Even without the distraction of London 2012, though, this summer seems quieter. With two weeks of the transfer window left, Barclays Premier League clubs have spent only £240 million on new players. Not bad for a nation in recession, but a considerable decrease on last summer’s £485 million outlay. The question is, why?
Is everyone waiting to sell before they buy?
According to a number of agents consulted by The Times, this is the message emanating from many of the Premier League clubs. Teams are determined not to add to bloated squads and will splash out on players only once space has been created on their wage bills. Roberto Mancini, the Manchester City manager, has already bemoaned the champions’ desire not to overload their squad, while Liverpool and Tottenham Hotspur are essentially reliant on the sales of Daniel Agger and Luka Modric, respectively, to balance the books.

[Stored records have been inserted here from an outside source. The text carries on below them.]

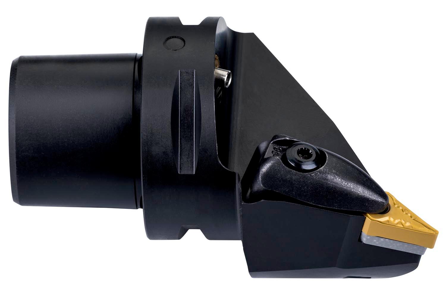 Double clamp turning tool for holding a 35° rhombus negative insert with an inscribed circle diameter of 9.525mm, 4.76mm thick (ISO designation VN.. 1604.. ), left hand 93° side cutting with off-set shank according to ISO 26623 (Polygon Shank Coupling) size C4, with 27mm funtional width and 62mm protruding length for chamfering, taper turning, single and multi-directional copy turning and longitudinal turning with and without shoulder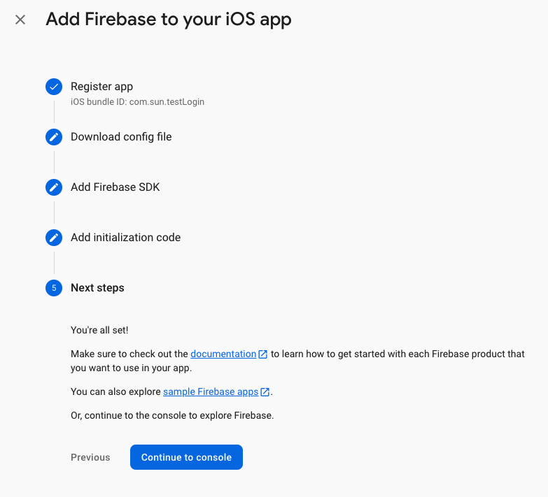 Tiếp theo hãy làm theo hướng dẫn của firebase, thêm BundleID (yêu cầu) và App nickname (không yêu cầu). Recommend sử dụng cùng một bundleID cho cả hai nền tảng: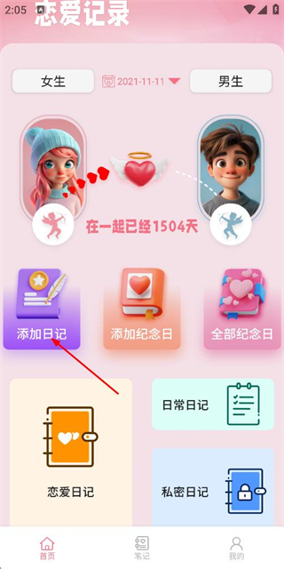 2、在菜單中選擇戀愛日記選項,進入添加日記頁面。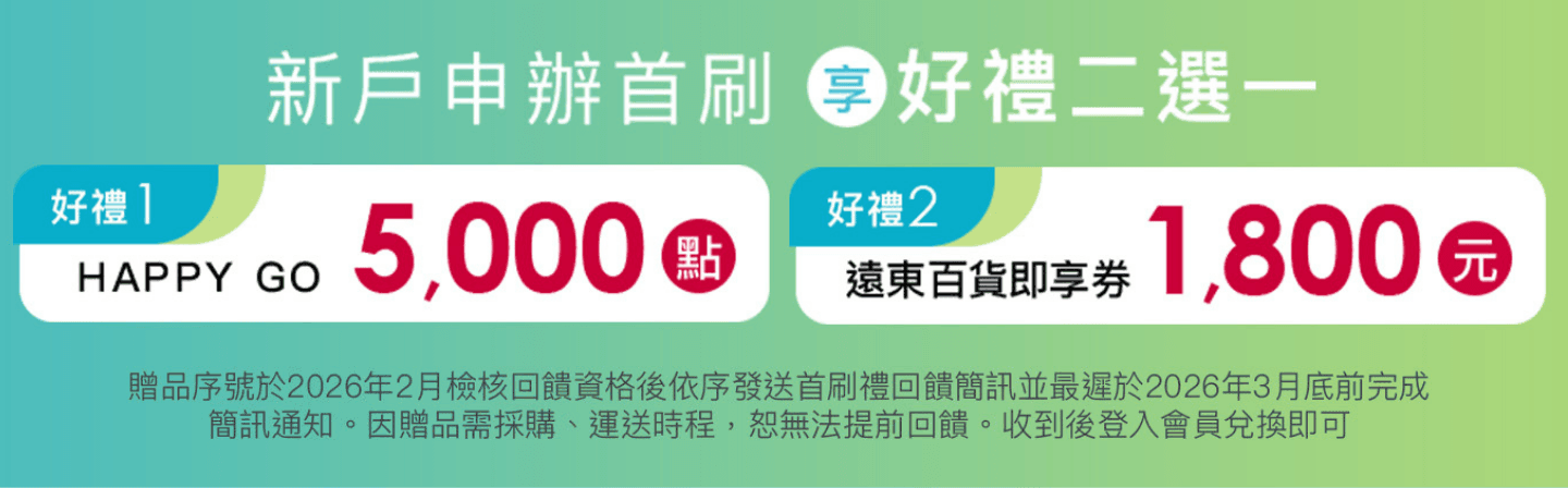 ■通路限定首刷禮將於2026年02月底檢核回饋資格後依序發送首刷禮回饋通知簡訊,並於2026年02月底前完成通知。因贈品需採購、運送時程,恕無法提前回饋,首刷禮回饋通知為傳送簡訊或電子郵件寄送兌換序號至正卡持卡人登錄於本行之電子郵件/手機號碼,收到簡訊後於2026年04月底前點選兌換連結並登入HAPPY GO會員選擇贈品,HAPPY GO將於一個月內完成入點或依留存於HAPPY GO會員中心之資料進行即享券序號派送。,如超過2026年04月底前未完成兌換,並遇贈品缺貨等不可抗拒之因素,將改為提供即享券等值刷卡金 。本活動提供之贈品皆由廠商提供,滙豐銀行與廠商間無合夥、經銷代理或保證關係,若因商品或服務發生之爭議皆由合作廠協助處理及負責相法律上責任,概與滙豐銀行無涉。

Have Uefa’s looming Financial Fair Play rules had an effect?
Without question, according to Dan Jones, lead partner of Deloitte’s sports business group and one of the foremost analysts of football’s finances. “Even with an improved television deal looming, we’re seeing a more sustainable model, and that’s in part because we are already in the period that will be taken into account,” he said. “What clubs do now could impact their figures when the legislation kicks in next year. That was the aim and that’s very encouraging.”
Is Moneyball a factor?
More and more clubs across Europe are professing themselves devotees of the Moneyball philosophy espoused in the book of the same name. Even Adriano Galliani, vice-president of AC Milan, is referring to himself as being “just like Billy Beane”, the general manager of the Oakland A’s baseball team who defied financial weakness to compete. It is too easy to suggest that a book and a film have changed decades of thinking across football, but there can be no doubt that the principles are now common to most clubs: a desire to find young players, often in undervalued markets, and pay them a relatively low wage while building up their value. “There is more strategic thinking going into recruitment,” Jones said.
Have the examples of Rangers and Portsmouth stopped teams chasing the dream?
“It’s not a case of ‘there but for the grace of God,’ ” Jones says, “but what happened at Portsmouth certainly strengthened the Premier League’s resolve not to allow anyone else to follow that path. What’s happened at Rangers has proved that even big clubs can fail.” There are teams prepared to push the boat out — Paris Saint-Germain have spent more than £100 million building their side — but with spending down, they are all but unique in Europe.
Is this how it will be from now on?
In the short term, probably not. It is hard to think August will end with Robin van Persie still at Arsenal and Modric at Spurs. In 2011, Premier League clubs spent £100 million on deadline day alone. Beyond this year, though, there does seem to have been a change. FFP and the desire for youth have had their effect. “There will still be teams that go for it,” Jones said. “But hopefully the moderation we’ve seen is here to stay.”